Когда меня вели обратно в камеру, — не то чтобы про меня кто-то что-то вынюхал, я никогда не узнал, за что я оказался в подвале, — я еле волочился по ступенькам, у меня кружилась голова и подгибались колени.
Когда позже я плюнул кровью, то вспомнил тех несчастных в карцере. Все свидетельствовало о том, что заражения туберкулезом планируются. Ощутивший на себе прикосновение рук, крутящих в то время «мясорубку», я ничему бы не удивился. <…>
В красной книжечке было более шести тысяч строк, в синей — семь с половиной тысяч, значит, всего около четырнадцати тысяч строк — свидетельств этой битвы против смерти. Тысячи строк я знал наизусть из интермеццо, когда у меня не было карандаша и я должен был носить их с собой в своей памяти. Сейчас на пути «домой» эти стихи запели на совершенно иной лад: так, как зазвучат для людей где-то в будущем. Я освободился от всего того, что давило на меня, даже наручников на руках почти не чувствовал. Я стал подобен Орфею. Во мне все пело и играло, но не так, как будто композитор — это я; наоборот — это абсолютно чужой мне человек откуда-то из прошлого, а я стал его интерпретатором.

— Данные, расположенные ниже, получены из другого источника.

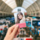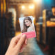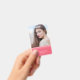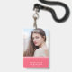 A chic modern photo badge featuring a pink layered design on the front where you can also add your photo and a teal colour back side. Perfect as an office badge for your staff and also a great way to introduce yourself at meetings or events.

Полное отчуждение, в котором человек начинает чувствовать слабости и отличия своего творения. Сегодня, глядя на те стихотворения, я никак не пойму, достойны ли они прочтения или нет, знаю только то, что это кусочек какой-то жизни.
«Перед первой весенней грозою / в застенках заплакал юг — / и грозу сменил тихий вечер, / лишь филина слышится звук. / Говорит сосед мой недужный: / “Кого птица дрянная зовет? / Прожил я семь зим в этих стенах, / а весной меня черт возьмет. / Мне ружье бы сюда резное — / клюв заткнул ему быстро б я”. / С головой он ушел в одеяло, / лишь макушка глядит из тряпья».
«Прояснилось, фасад тюремный / смотрит льдисто, мёрзло на нас. / В кандалах мы ждем перед входом, / некий план отправляет нас в путь. / Через ближний сад по тропинке / идет женщина — кровь и плоть, / и качает бедрами. Будто / в прозрачной одежде она. / Все глаза каторжан устремились к ней. / Жгучий голос смертной тяги / и огонь, на льду вскипавший, / вожделенье смертоносно / в зэке, до смерти уставшем».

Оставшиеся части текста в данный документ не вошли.